Ao falar sobre o comportamento que afirma ter presenciado ao longo dos anos, ela descreve o ex-companheiro como uma pessoa que apresentava comportamentos agressivos também em outras situações.
“Ele já tentou agredir a minha mãe, ele vai pra cima mesmo. Ele não tem respeito por ninguém. Acho muito difícil ele mudar, porque isso é a índole dele.”
Entre os relatos mais graves apresentados pela mulher estão lesões que, segundo ela, teriam sido provocadas durante anos de violência.
“O que mais me doeu foi quando eu recebi a Ronda Maria da Penha e tive que relatar todas as agressões que sofri e eu estava ao lado da minha mãe. Ela não sabia de todas as agressões e eu tive que falar tudo. Me senti mal por ela, por ela achar que a filha dela que estava longe, a 600, 800 quilômetros de distância, quando morei em Itaberaba, estava sendo maltratada. Eu já tive o ouvido estourado, o joelho quebrado, quando ele me deu um chute e afundou a lateral. Até hoje sinto fortes dores. Ele me agredia e ele mesmo me levava ao pronto-socorro. E eu era obrigada a dizer que era uma pancada, que eu tinha caído no banheiro.”
Ela contou que a primeira agressão teria ocorrido ainda no início da relação e que, naquele momento, sequer conseguiu revelar ao médico o que realmente havia acontecido.

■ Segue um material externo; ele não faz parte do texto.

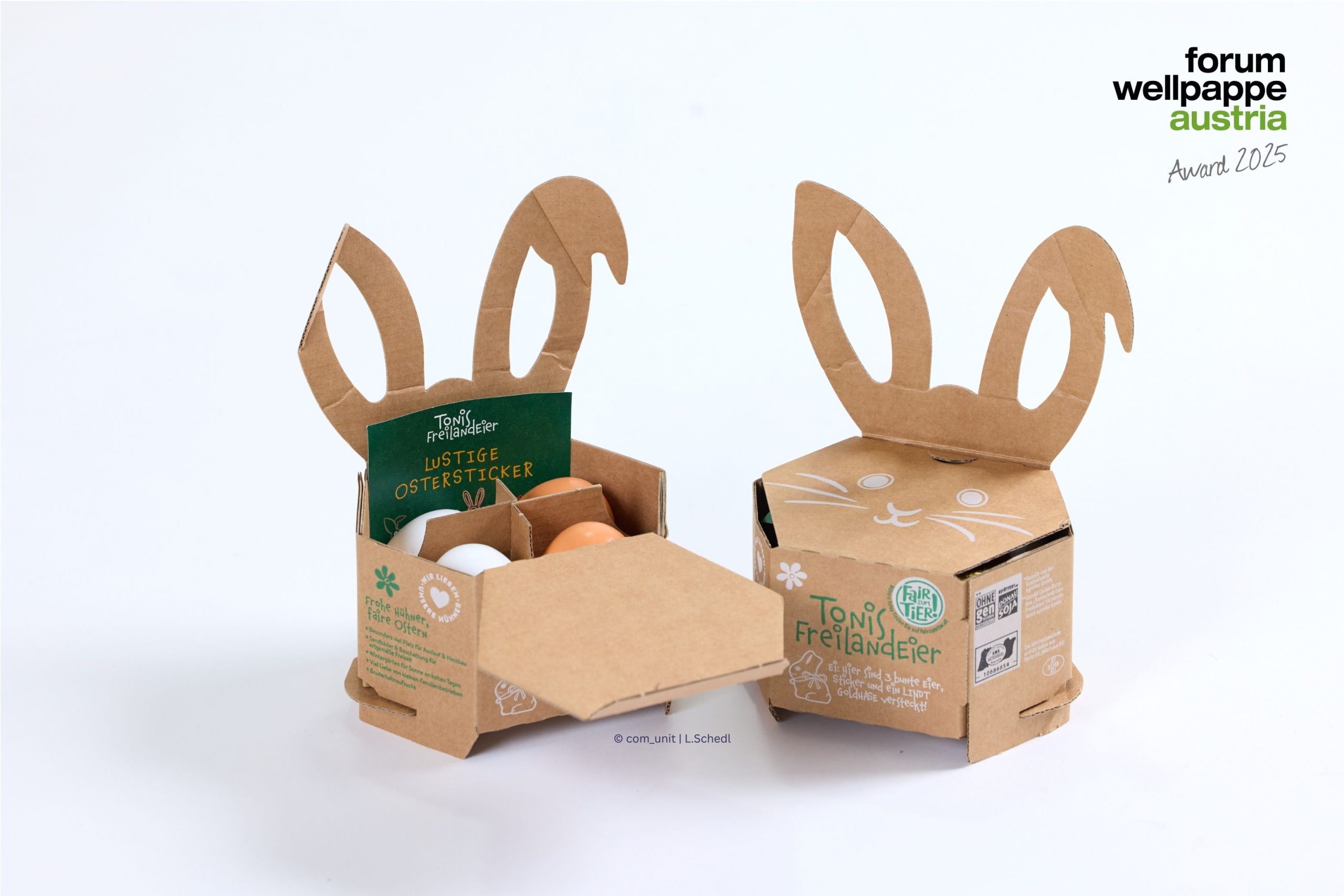 Diese clevere Eierverpackung wurde speziell für den Handel entwickelt. Die Konstruktion besteht aus einem gestanzten Wellpappeteil und einem Fachwerk und kommt ohne Klebung aus. Die Box lässt sich mit nur wenigen Handgriffen leicht aufrichten und überrascht mit einem Wow-Effekt. Öffnet man den integrierte Crowner, wachsen zwei dekorative Hasenohren aus der Box. Ein echter ‚Ei-Catcher‘ am Ostertisch. Nominiert für den Wellpappe Austria Award 2025, Kategorie: Konstruktiv.

“Eu nunca prestei queixa. A primeira agressão foi que ele estourou o meu ouvido e uma pessoa da família dele me levou ao médico e mentiu dizendo que tinha entrado água no meu ouvido. O próprio médico chamou ela e disse: ‘você acha que pode enganar um profissional? Isso aqui foi uma agressão. Essa mulher está com o tímpano rompido. Isso foi uma agressão.”

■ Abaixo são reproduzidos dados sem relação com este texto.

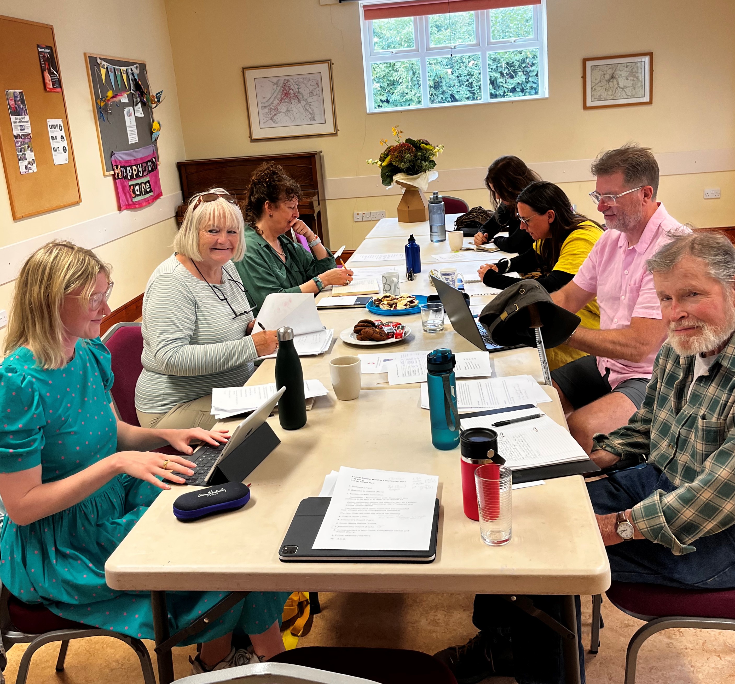 After enjoying a month (mostly) in the sun, we are all itching to get back to writing again. Here are some of the group at our last meeting in Cusop Village Hall. The eagle-eyed among you may notice some cakes in the centre of the table – these were naturally for incentive purposes only … although Jean’s smile says otherwise!

O medo de denunciar, segundo contou, era alimentado por ameaças e pela sensação de que ninguém acreditaria em seu relato.

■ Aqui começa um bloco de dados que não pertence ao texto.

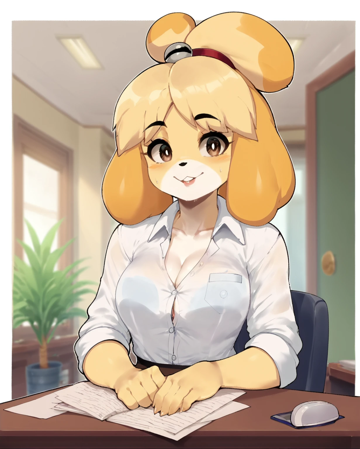 1girl, solo, isabelle (animal crossing), blonde hair, animal ears, furryAnyway, Have Fun!

“Lá em Itaberaba, toda vez que ele me agredia, ele dizia: ‘se você prestar queixa, ninguém vai acreditar. A viatura vai vir, vai lhe ouvir e ninguém vai fazer nada. Se eu lhe matar, eu pego uma arma e disparo contra mim. Então, sempre tiveram essas ameaças, esse controle emocional. Lá nesta cidade eu não tinha ninguém, eu só tinha ele.”
Prisão e soltura
Segundo informações apuradas pelo Portal Preto no Branco, após permanecer custodiado por cerca de dois dias no Batalhão de Choque da Polícia Militar da Bahia, para onde foi encaminhado pela própria corporação, o oficial recebeu autorização judicial para responder ao processo em liberdade. Como medida cautelar, Adler Iuri deverá utilizar tornozeleira eletrônica durante o período em que o processo estiver em andamento.
O capitão é lotado no município de Itaberaba. A Polícia Militar da Bahia instaurou um Processo Administrativo Disciplinar (PAD) para apurar a conduta do oficial.